[WORK TO BE COMPLETED]: Your copy of the lines below must match them exactly and contain no images.

(Saved data entries)

________________________________________

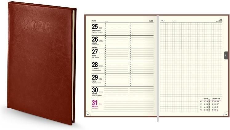 Terminarz A5 - Tygodniowy 2026 Producent: O-press Format: 14.0 x 20.7 x 22.0 cm Oprawa: Twarda EAN: 5904830716047 Cechy: Format A5 (140x207x22 mm) Ilość stron: 112 Dostępne kolory: czarny, granatowy, bordo, zielony, brąz Oprawa: twarda skóropodobna + gąbka Układ środka: dzień na stronie (tydzień na 1 stronie, druga strona cała na notatki) Wewnątrz tasiemka do oznaczania stron ułatwia odnajdywanie ważnych notatek lub ostatnio zapisanej strony Papier: 70 g/m2 w kolorze ecru Kalendarium: w języku polskim, angielskim, numeracja dni i tygodni, podwójne imieniny Część informacyjna: strony na notatki, telefony kierunkowe, skorowidz alfabetyczny, daty imienin i Świąt. Zaprezentuj swój profesjonalizm z naszym klasycznym, a zarazem nowoczesnym Terminarzem tygodniowym A5 na 2026 rok. Ten wyjątkowy kalendarz został zaprojektowany z myślą o tych, którzy cenią sobie pragmatyzm i minimalizm, jednocześnie nie rezygnując ze stylu. Jego prosta, ale elegancka estetyka idealnie komponuje się z każdym środowiskiem pracy i stylem życia. Kalendarz ma 112 strony i twardą, skóropodobną okładkę, która chroni wnętrze przed zniszczeniem, zapewniając jednocześnie elegancki wygląd. Układ środka jest niezwykle funkcjonalny - cały tydzień ma swoją stronę, a cała druga strona jest poświęcona na notatki, co ułatwia organizację i planowanie. Wewnątrz kalendarza znajduje się tasiemka do oznaczania stron, co pozwala na szybkie odnajdywanie ważnych notatek lub ostatnio zapisanej strony. Kalendarium w języku polskim, angielskim i ukraińskim zawiera numerację dni i tygodni oraz podwójne imieniny. Dodatkowe strony na notatki, telefony kierunkowe, skorowidz alfabetyczny oraz daty imienin i świąt zwiększają jego funkcjonalność.Przejrzysty układ i wystarczająca przestrzeń na notatki umożliwiają swobodne planowanie każdego dnia, co czyni nasz kalendarz idealnym narzędziem dla każdego, kto ceni sobie porządek i styl. Uwaga, wysyłamy jeden z dostępnych wzorów produktu.
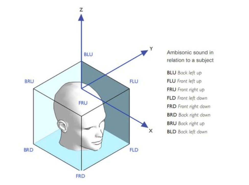 B-format is the leading audio format for Higher Order Ambisonics and the format used for this project. In this format, the individual channels do not correspond to direct speaker feeds but instead contain the components of the ambisonic sound field that are then decoded for audio playback on speakers (Blue Ripple Sound, 2022). Moreover, it allows multi-channel audio to be generated, recorded and transferred to a combination of speaker configurations. Ambisonic audio also contains an ‘order’ component that allows for increased spatial detail, meaning that new channels are added when the order is increased (ibid). Therefore, in zero order, just one mono channel is present; in the first order, three additional channels are added; to make four. Each channel conducts as a figure of eight microphone (ibid).
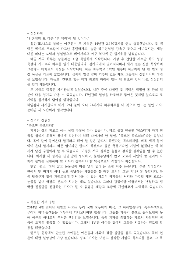 “펜으로 세상에 정의를 실현하자” 제 인생의 최종목표는 ‘세상에 정의를 실현하자’입니다. 정의를 실현하는 데에는 많은 방법이 있을 수 있겠으나 특히 저는 펜으로써 그것을 실현해보고 싶어 기자의 꿈을 키워왔습니다. 사실 조국이 일제로부터 해방돼 오늘에 이르기까지의 우...…<중 략>
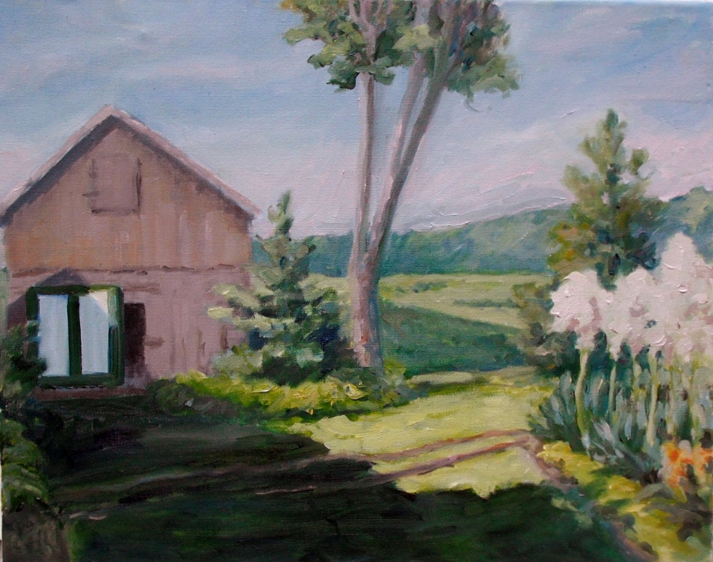 First of all, the tree was right in the middle of the painting. This is very poor composition as it divides the canvas in half. It was also a weird looking tree but that may have more to do with the fact that a tornado blew through the farm a few years ago wiping out 80 year old maples. Nevertheless, I decided to move it closer to the barn (easy to do in paint, right?) and to juice up the colors. I also decided to push the background way back. Too much green. And to clarify some of the focal points. What do you think?
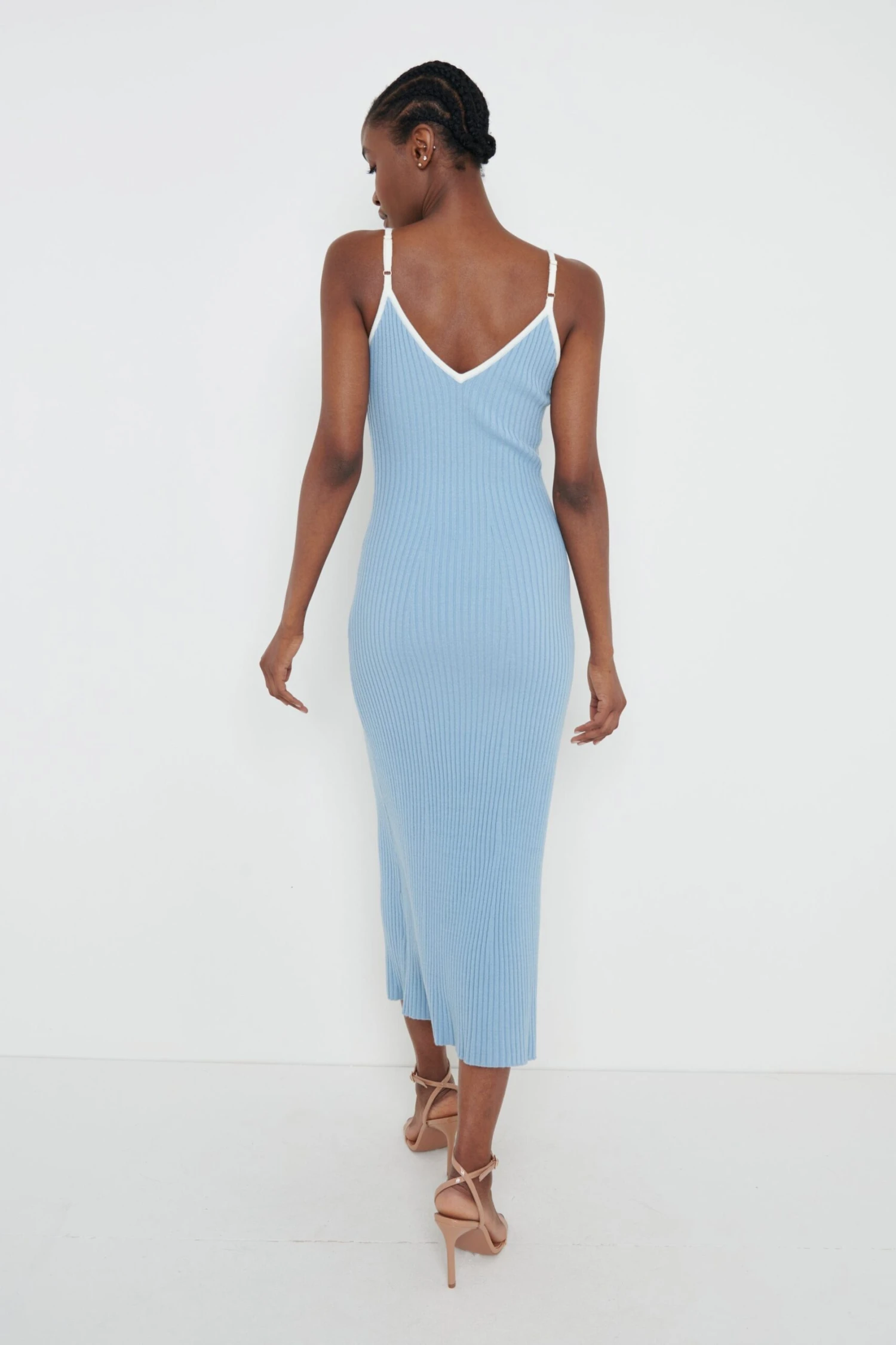 Lorin Contrast Strap Knit Dress – Blue
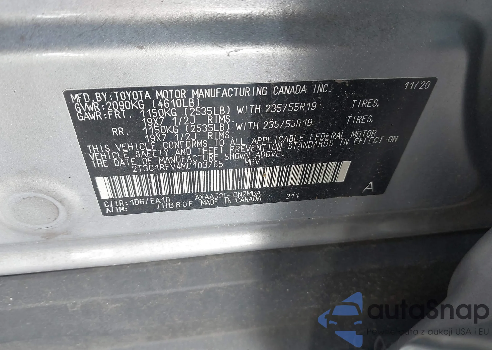 • VIN: 2T3C1RFV4MC103765

________________________________________

[EXERCISE RESULT]:
 Terminarz A5 - Tygodniowy 2026 Producent: O-press Format: 14.0 x 20.7 x 22.0 cm Oprawa: Twarda EAN: 5904830716047 Cechy: Format A5 (140x207x22 mm) Ilość stron: 112 Dostępne kolory: czarny, granatowy, bordo, zielony, brąz Oprawa: twarda skóropodobna + gąbka Układ środka: dzień na stronie (tydzień na 1 stronie, druga strona cała na notatki) Wewnątrz tasiemka do oznaczania stron ułatwia odnajdywanie ważnych notatek lub ostatnio zapisanej strony Papier: 70 g/m2 w kolorze ecru Kalendarium: w języku polskim, angielskim, numeracja dni i tygodni, podwójne imieniny Część informacyjna: strony na notatki, telefony kierunkowe, skorowidz alfabetyczny, daty imienin i Świąt. Zaprezentuj swój profesjonalizm z naszym klasycznym, a zarazem nowoczesnym Terminarzem tygodniowym A5 na 2026 rok. Ten wyjątkowy kalendarz został zaprojektowany z myślą o tych, którzy cenią sobie pragmatyzm i minimalizm, jednocześnie nie rezygnując ze stylu. Jego prosta, ale elegancka estetyka idealnie komponuje się z każdym środowiskiem pracy i stylem życia. Kalendarz ma 112 strony i twardą, skóropodobną okładkę, która chroni wnętrze przed zniszczeniem, zapewniając jednocześnie elegancki wygląd. Układ środka jest niezwykle funkcjonalny - cały tydzień ma swoją stronę, a cała druga strona jest poświęcona na notatki, co ułatwia organizację i planowanie. Wewnątrz kalendarza znajduje się tasiemka do oznaczania stron, co pozwala na szybkie odnajdywanie ważnych notatek lub ostatnio zapisanej strony. Kalendarium w języku polskim, angielskim i ukraińskim zawiera numerację dni i tygodni oraz podwójne imieniny. Dodatkowe strony na notatki, telefony kierunkowe, skorowidz alfabetyczny oraz daty imienin i świąt zwiększają jego funkcjonalność.Przejrzysty układ i wystarczająca przestrzeń na notatki umożliwiają swobodne planowanie każdego dnia, co czyni nasz kalendarz idealnym narzędziem dla każdego, kto ceni sobie porządek i styl. Uwaga, wysyłamy jeden z dostępnych wzorów produktu.
 B-format is the leading audio format for Higher Order Ambisonics and the format used for this project. In this format, the individual channels do not correspond to direct speaker feeds but instead contain the components of the ambisonic sound field that are then decoded for audio playback on speakers (Blue Ripple Sound, 2022). Moreover, it allows multi-channel audio to be generated, recorded and transferred to a combination of speaker configurations. Ambisonic audio also contains an ‘order’ component that allows for increased spatial detail, meaning that new channels are added when the order is increased (ibid). Therefore, in zero order, just one mono channel is present; in the first order, three additional channels are added; to make four. Each channel conducts as a figure of eight microphone (ibid).
 “펜으로 세상에 정의를 실현하자” 제 인생의 최종목표는 ‘세상에 정의를 실현하자’입니다. 정의를 실현하는 데에는 많은 방법이 있을 수 있겠으나 특히 저는 펜으로써 그것을 실현해보고 싶어 기자의 꿈을 키워왔습니다. 사실 조국이 일제로부터 해방돼 오늘에 이르기까지의 우...…<중 략>
 First of all, the tree was right in the middle of the painting. This is very poor composition as it divides the canvas in half. It was also a weird looking tree but that may have more to do with the fact that a tornado blew through the farm a few years ago wiping out 80 year old maples. Nevertheless, I decided to move it closer to the barn (easy to do in paint, right?) and to juice up the colors. I also decided to push the background way back. Too much green. And to clarify some of the focal points. What do you think?
 Lorin Contrast Strap Knit Dress – Blue
 • VIN: 2T3C1RFV4MC103765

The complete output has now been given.